As an impressionable adolescent Catholic school girl growing up on the West side of Detroit, movies were a welcomed escape from the rigid rules and strict teachings of my parents and the nuns and priests educating me. An additional bonus was the fact that my uncle was the manager at the neighborhood movie theater and free admission was an incentive that I took full advantage of. My family had recently joined millions of other Southern Negroes in the Great Migration, leaving our Montgomery Alabama home for the promise of racial equality and better opportunities “up North”. Having lived under the pervasive shadow of segregation and Jim Crow laws, with no access to public libraries and first-run movie theaters, I was thrilled with all the possibilities that our family’s new life in the big city presented. I spent hours gathering and devouring library books, and carefully budgeted my weekly allowance to include the fifty cents price of a movie ticket at our neighborhood movie theater. In those days, with few notable exceptions, e.g., Dorothy Dandridge, and Sidney Poitier, there were precious few positive images of black people being depicted on the big screen. Stereotypical portrayals of Negroes were the norm, there was no balance in the characters being represented, and racial diversity was totally absent. Similarly, choices in terms of teen self-identity were also extremely limited, so our search for our own identities, different and separate from those of our parents, led us to the same teen idols as our white counterparts. When James Dean came along during this coming of age with such a forceful image of teen angst, adolescents and teens of every ethnicity easily identified with his reputation as rebel and loner, and we related to and embraced his non-conformity. Sadly, this real-time romanticism was short-lived while he was still with us. The announcement of his sudden and tragic death was stunning, and like millions of other kids, I mourned him with regular and devoted attendance at showings of his three films, voluminous stacks of fan magazines and books, and tribute even more photos of him lining my bedroom walls.

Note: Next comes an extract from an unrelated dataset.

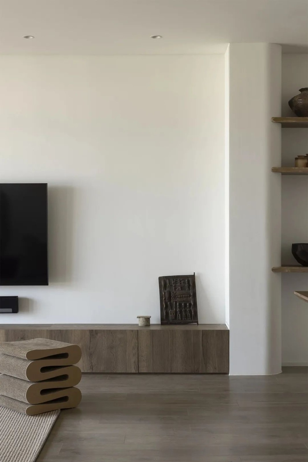 干净的空间配合不规则的手作感矮凳 矛盾亦和谐

All of this happened a long time ago, and today, in my approaching dotage, with the perspective lent by the inexorable passage of time, I now see James Dean, not as Cal Trask, or Jim Stark, or Jett Rink or a cult hero, but as the real-life enigma, he was. His time on this earth, though brief, showcased a phenomenal talent to be observed and enjoyed and studied for generations to come. My guess is that he was unaware of the profoundly emotional and lasting effect he had on audiences. But we’ll never know. He left us too soon. His was a meteoric rise, soon followed by a sudden departure into eternity. The instant mythology created by the shock of his death has endured. And we are left to always wonder what might’ve been. But on the morning of September 30, 1955, when James Byron Dean hopped into his Porsche 550 Spyder and slid behind the wheel and drove away from his Sherman Oaks, California home, he began his last drive — into history. That journey has continued for 64 years and is now legend.
…and the legend lives on.
Recently a 1955 Porsche 550 Spyder, the very same model as James Dean’s prized possession, sold for a record $3.685 million dollars.